We tested for association between upregulation following experimental deflagellation (Albee et al., 2013) and cluster membership of BB-cilia-MT genes. Of the BB-cilia-MT genes in cluster 2, 67/73 (92%) were upregulated after deflagellation, compared with 16/54 (30%) for cluster 1 (P < 0.001).
Thus, transcript accumulation during S/M may be separated into two programs: early and late. The early program requires CDKA, but not CDKB, for full induction, whereas the late program depends on both CDKA and CDKB. Biologically, the early program is likely associated with S phase and mitosis. Indeed, 14/38 DIV genes, with confirmed essential functions in DNA replication and nuclear division (Tulin and Cross, 2014) were in cluster 1, and none were in cluster 2. In contrast, cluster 2 may be associated with later events, such as cell wall assembly and cilia regrowth following nuclear division.

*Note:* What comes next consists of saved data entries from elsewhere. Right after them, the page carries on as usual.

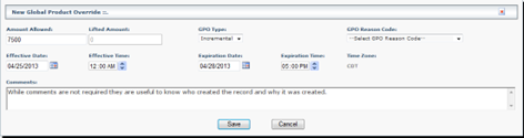 The Product Override Settings page enables administrators to set parameters governing the approvals and setup of both Pre-Approved Product Overrides (PAPO) and Global Product Overrides (GPO). By establishing these administrative settings, the risk of error is reduced for allowing too many PAPO loads.
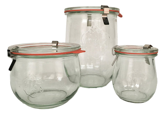 Weck Tulip Jar Combo Pack- (1) 762, (1) 744, (1) 745, (3) glass lids, (3) rubber rings and (6) clamps by Weck
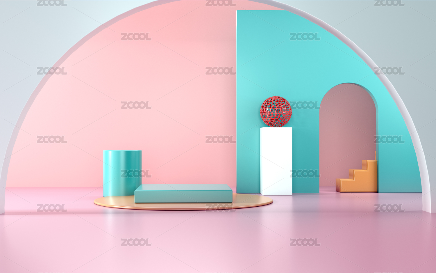 创意几何体展示台3D渲染
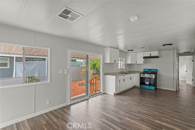 Remodeled 2-bedroom manufactured home featuring a kitchen with brand-new cabinets and a new stove. Living and dining areas include mini-split systems for efficient heating and cooling. Laminate flooring throughout the home 1.5 bathrooms. Attached carport for 2 vehicles. Beautiful fruit tree and attractive landscaping. The community offers a pool and library.
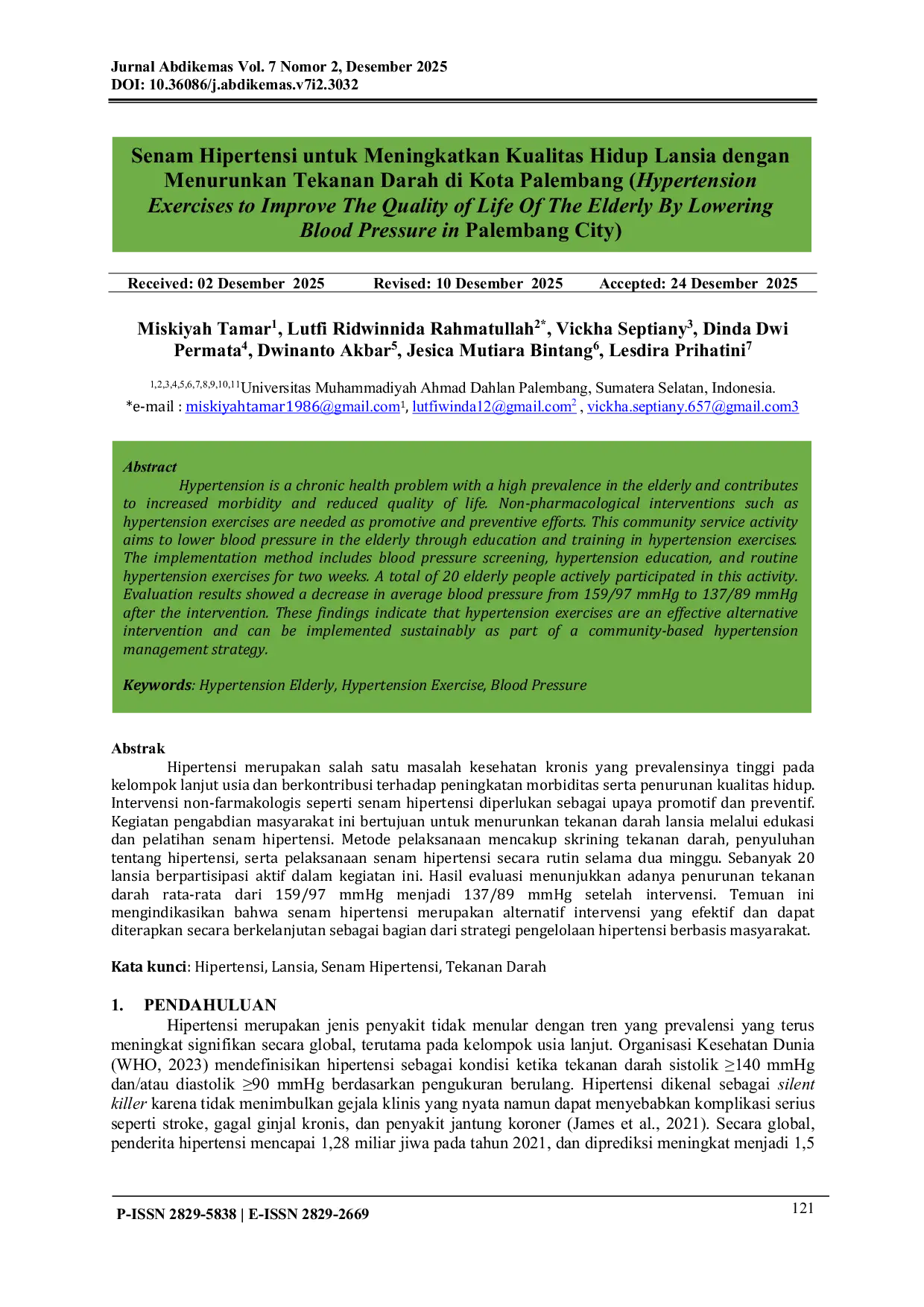 Jurnal Pengabdian kepada Masyarakat (ABDIKEMAS)Jurnal Pengabdian kepada Masyarakat (ABDIKEMAS)Hipertensi merupakan masalah kesehatan kronis dengan prevalensi tinggi pada kelompok lanjut usia dan berkontribusi terhadap peningkatan morbiditas serta penurunan kualitas hidup. Intervensi non-farmakologis seperti senam hipertensi diperlukan sebagai upaya promotif dan preventif. Kegiatan pengabdian masyarakat ini bertujuan untuk menurunkan tekanan darah lansia melalui edukasi dan pelatihan senam hipertensi. Metode pelaksanaan mencakup skrining tekanan darah, penyuluhan tentang hipertensi, serta pelaksanaan senam hipertensi secara rutin selama dua minggu. Sebanyak 20 lansia berpartisipasi aktif dalam kegiatan ini. Hasil evaluasi menunjukkan adanya penurunan tekanan darah rata-rata dari 159/97 mmHg menjadi 137/89 mmHg setelah intervensi, mengindikasikan bahwa senam hipertensi merupakan alternatif intervensi yang efektif dan dapat diterapkan secara berkelanjutan sebagai bagian dari strategi pengelolaan hipertensi berbasis masyarakat.
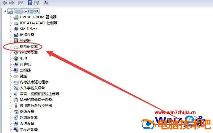 3、打开设备管理器后,将磁盘驱动器展开。
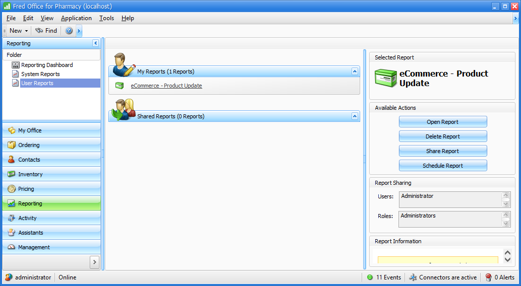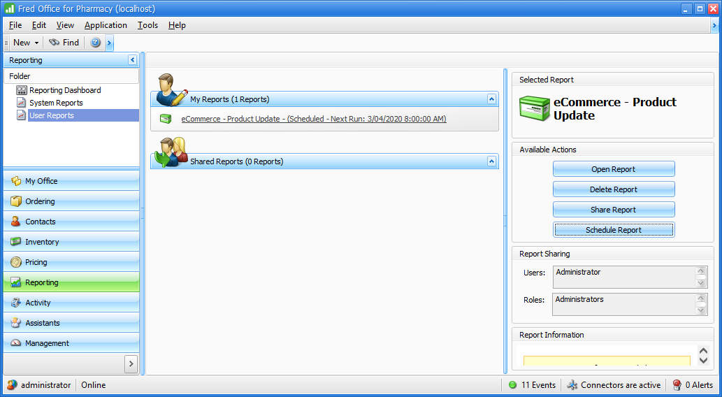 Fred Office Plus allows users to save reports for specific users. These user reports can be configured for automatic emailing.
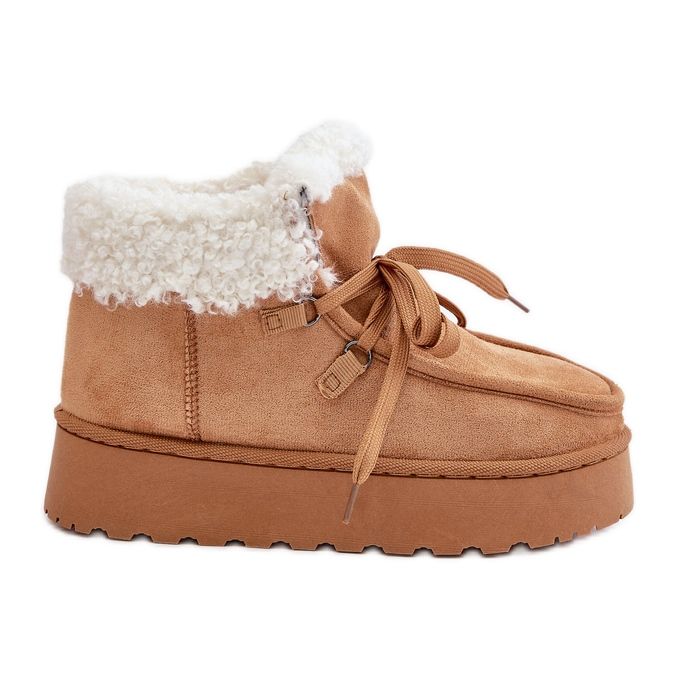 As botas de neve femininas na plataforma com camel cabelas pêlo são uma ótima opção para os dias de inverno, combinando a elegância com conforto. Feito de camurça ecológica, esses sapatos marrons não apenas parecem bonitos, mas também fornecem proteção total contra terrenos frios, graças ao isolamento em uma plataforma confortável com uma altura de 3,5 cm.
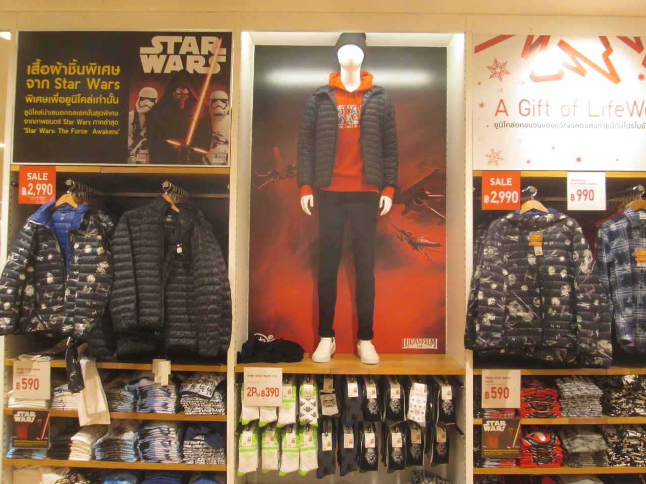 最新作「スター・ウォーズ7/フォースの覚醒」の公開を記念してユニクロのオリジナルプリントウェアが販売されていました。バンコクでもスター・ウォーズが人気のようで、店内で期間限定の商品をディスカウント価格で扱っていました。
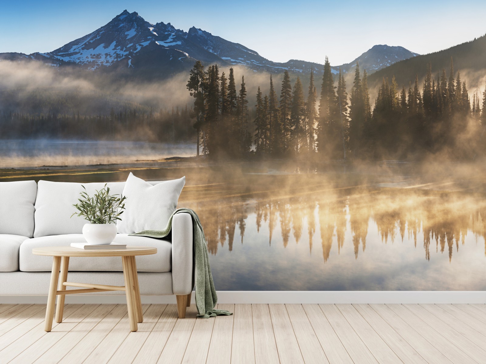 Carta da parati Mattino nebbioso sul lago con riflessi alpini
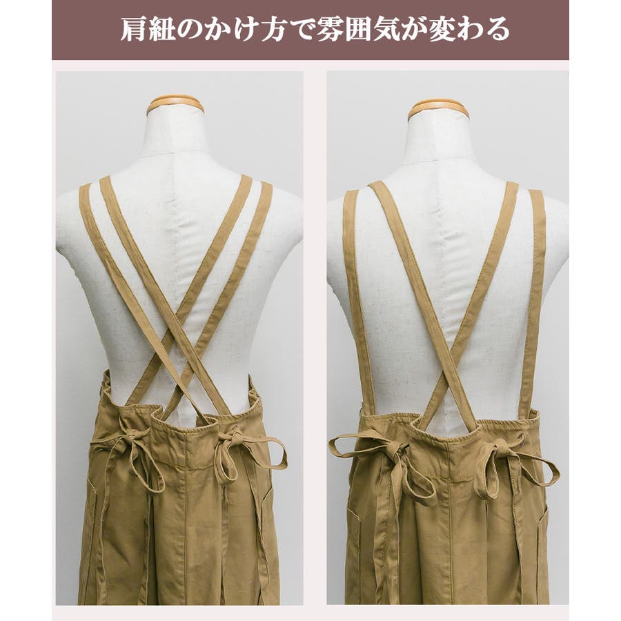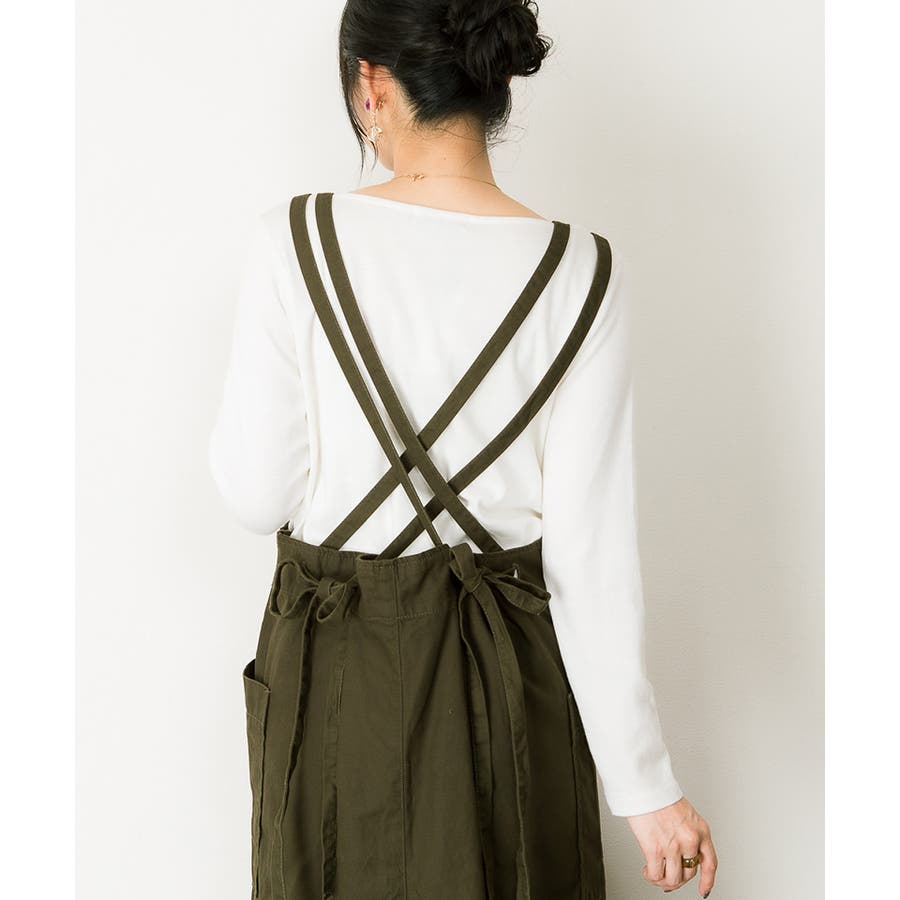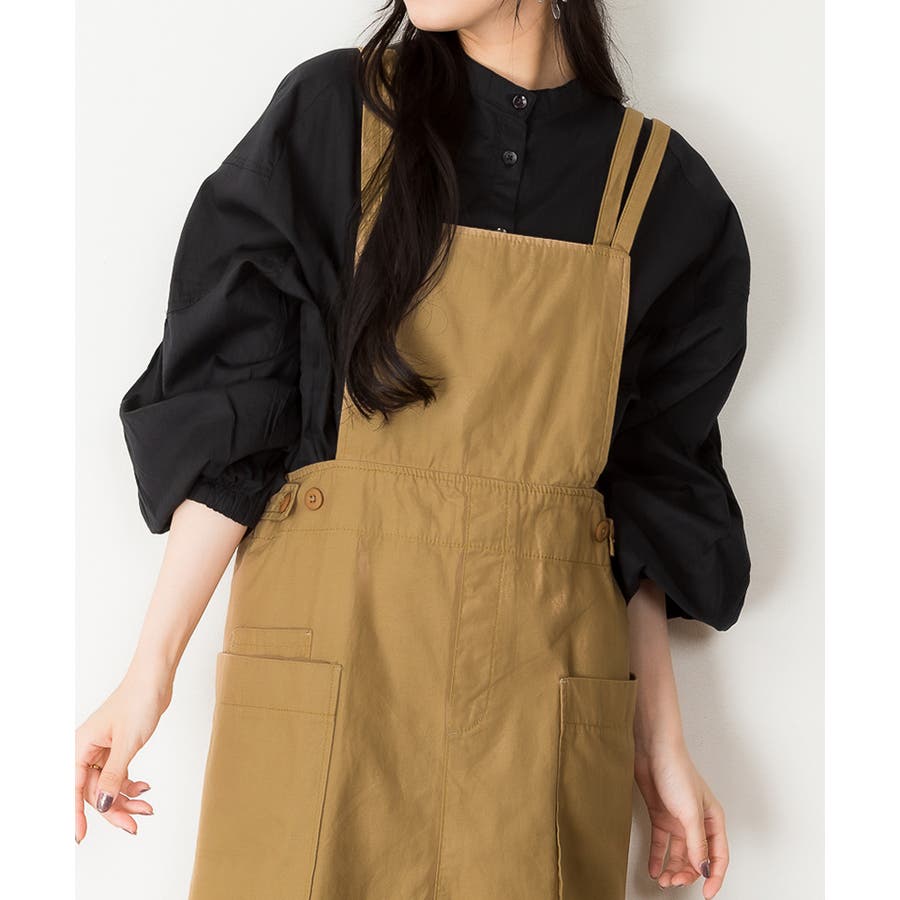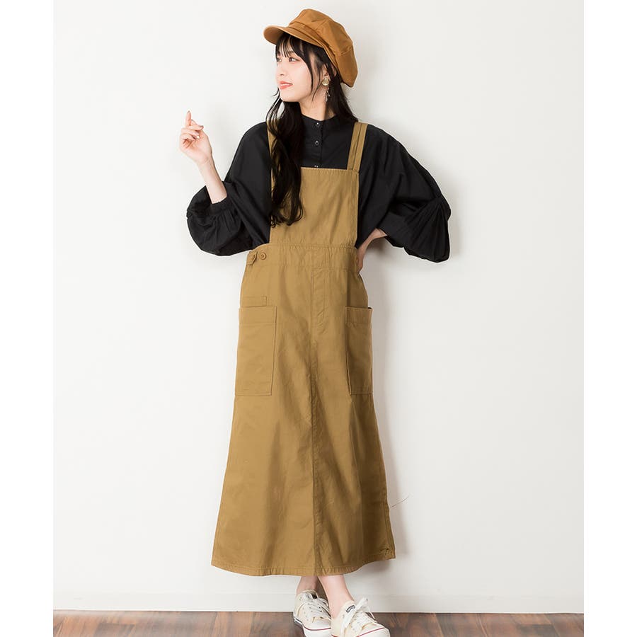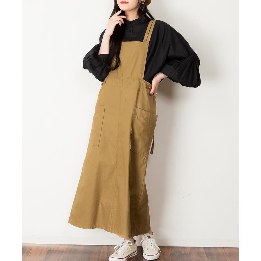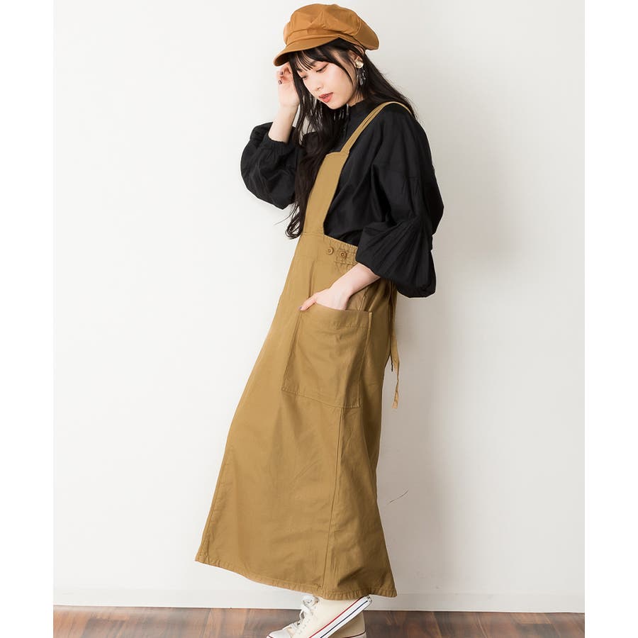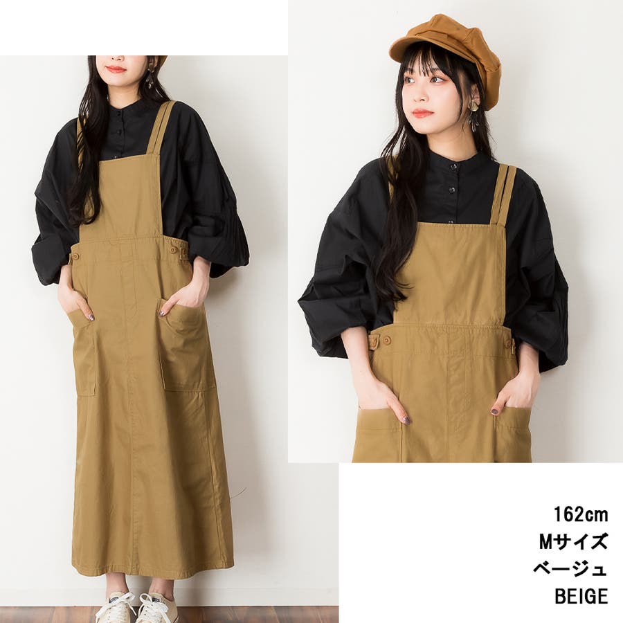 【ベージュ】ツイルエプロンサロペットスカート

Our results are consistent with published results (Wood et al., 2012; Panchy et al., 2014) showing late expression of ciliogenesis genes compared with other cell-division-related genes. In our data, sorting by time of expression in the wild-type cell cycle allows some separation of these two classes, but with substantial overlap such that many genes cannot be unambiguously associated with early versus late expression. The cluster-based classification derived from PCA analysis of the complete data set, incorporating the cdka and cdkb mutants, greatly sharpens the split because CDKB is required for expression of late, but not early, genes, resulting in a near-digital classification. This observation indicates the value of incorporating expression in mutant backgrounds for understanding gene expression programs, especially since independent functional information supports the vector-based classifications.
CDK-Independent Transcript Accumulation
Genes in cluster 3 (766 genes) exhibited a transient increase in transcript abundance between 12 and 14 h that was similar in wild-type, cdka-1, and cdkb-1 mutant cells. Thus, cluster 3 apparently represents a CDK-independent transcriptional program that is activated nearly coincident with the G1-to-S/M transition. This indicates that the cdka-1 and cdkb-1 mutants are transcriptionally competent at the time when these mutations prevent or delay robust activation of cluster 1. CDK-independent regulation of cluster 3 genes was further supported by the cdka-1 cdkb-1 double mutant. This mutant has undetectable Cks1-purified kinase activity at the restrictive temperature and arrests permanently in G1 (Tulin and Cross, 2014). Nevertheless, the cdka-1 cdkb-1 double mutant accumulated cluster 3 transcripts with near-wild-type timing (Supplemental Figure 4).
Cluster 4 contained transcripts that decreased from an initially high level over the first 5 h. We found a strong enrichment of genes implicated in plastid ribosome function in this cluster, consistent with a previous study reporting timing of expression of plastid ribosomal genes (Kucho et al., 2005).
Confirmation with Plate Synchronization
Previously, we reported that cell cycle synchrony in wild-type cells could be markedly increased by growing cells on agar plates rather than in liquid cultures (Tulin and Cross, 2014). This procedure was critical for analyzing anaphase-promoting complex mutants, which had nonspecific growth defects in liquid culture that obscured their specific cell cycle phenotypes (Tulin and Cross, 2014). In this protocol, the cells are precultured on plates for 2 d with 14/10 h light/dark, with transfer to high temperature and continuous light at the beginning of the third light period. Overall cell cycle progression was highly synchronous and temporally advanced in this protocol, with wild-type cells completing cell division at ∼11 h after the temperature shift (compared with 14 to 16 h for liquid-grown cells).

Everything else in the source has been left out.